3 Ways COVID-19 Changed Real Estate Investing for Better or for Worse

The COVID-19 pandemic has had a profound impact on the world of real estate, both residential and commercial. And while much of that impact has been positive, the pandemic has made things tougher for investors in certain regards. Here are a few ways real estate investing now looks different.

How real estate investing changed for the better

In some regards, the pandemic has been a boon to real estate investors.

1. Borrowing got cheaper

In 2020, mortgage rates plunged to record lows and have stayed competitive since. While we’re starting off 2022 with higher mortgage rates than we saw last year, they’re still fairly attractive. Because borrowing has been cheaper, it’s given investors and everyday home buyers alike an opportunity to scoop up properties.

Tall buildings.

Image source: Getty Images.

2. Rental demand soared

After a brutal 2020 that saw landlords struggling to collect rent and getting so desperate they resorted to costly concessions, rental demand rose dramatically in 2021. And rent prices followed suit. Now, residential landlords are in a prime position to hold steady with higher prices. And those in cities where housing is limited may profit even more in the near term.

3. Industrial space boomed

The pandemic changed the way a lot of people shop. From 2020 onward, consumers have been purchasing everything from apparel to houseware to groceries online. That’s caused a huge uptick in demand for warehousing and distribution center space. And it’s helped industrial REITs (real estate investment trusts) enjoy huge growth.

How real estate investing changed for the worse

The pandemic certainly brought its share of challenges for real estate investors.

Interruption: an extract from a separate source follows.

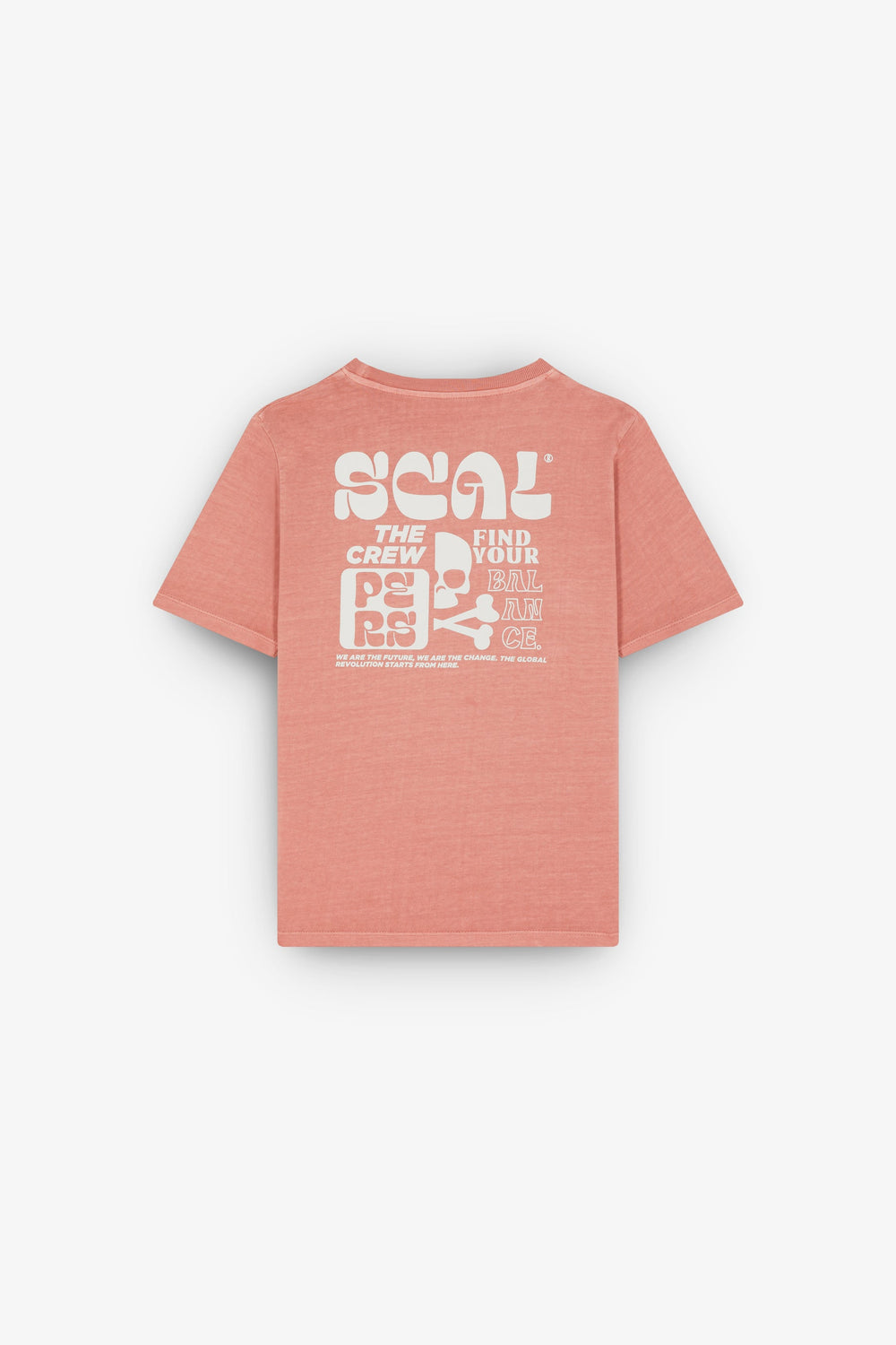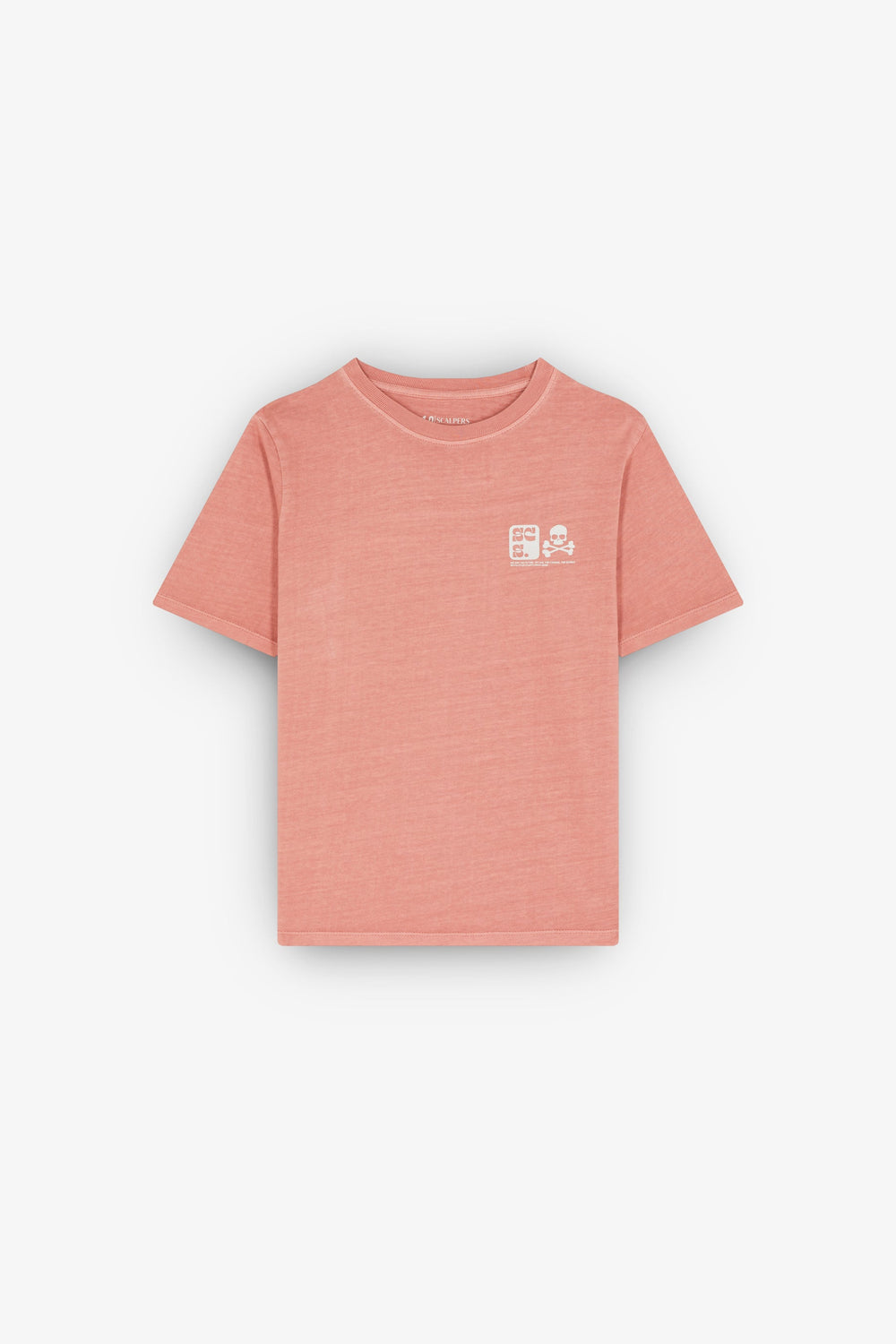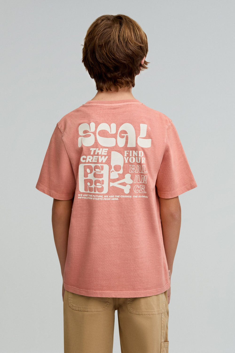 Camiseta confeccionada en 100% algodón BCI. Regular fit, cuello redondo y manga corta. Print en pecho y trasero a contraste.

1. Homes got super expensive

While mortgage rates have been competitive throughout the pandemic, home prices have been out of hand. Sellers have been hesitant to list their properties due to the uncertainty that’s plagued the country since the start of the crisis. As a result, inventory has been sorely lacking, which has led to a rapid increase in home prices. Not only has that made things difficult for everyday buyers, but it’s also posed a challenge for real estate investors looking to add income properties to their portfolios.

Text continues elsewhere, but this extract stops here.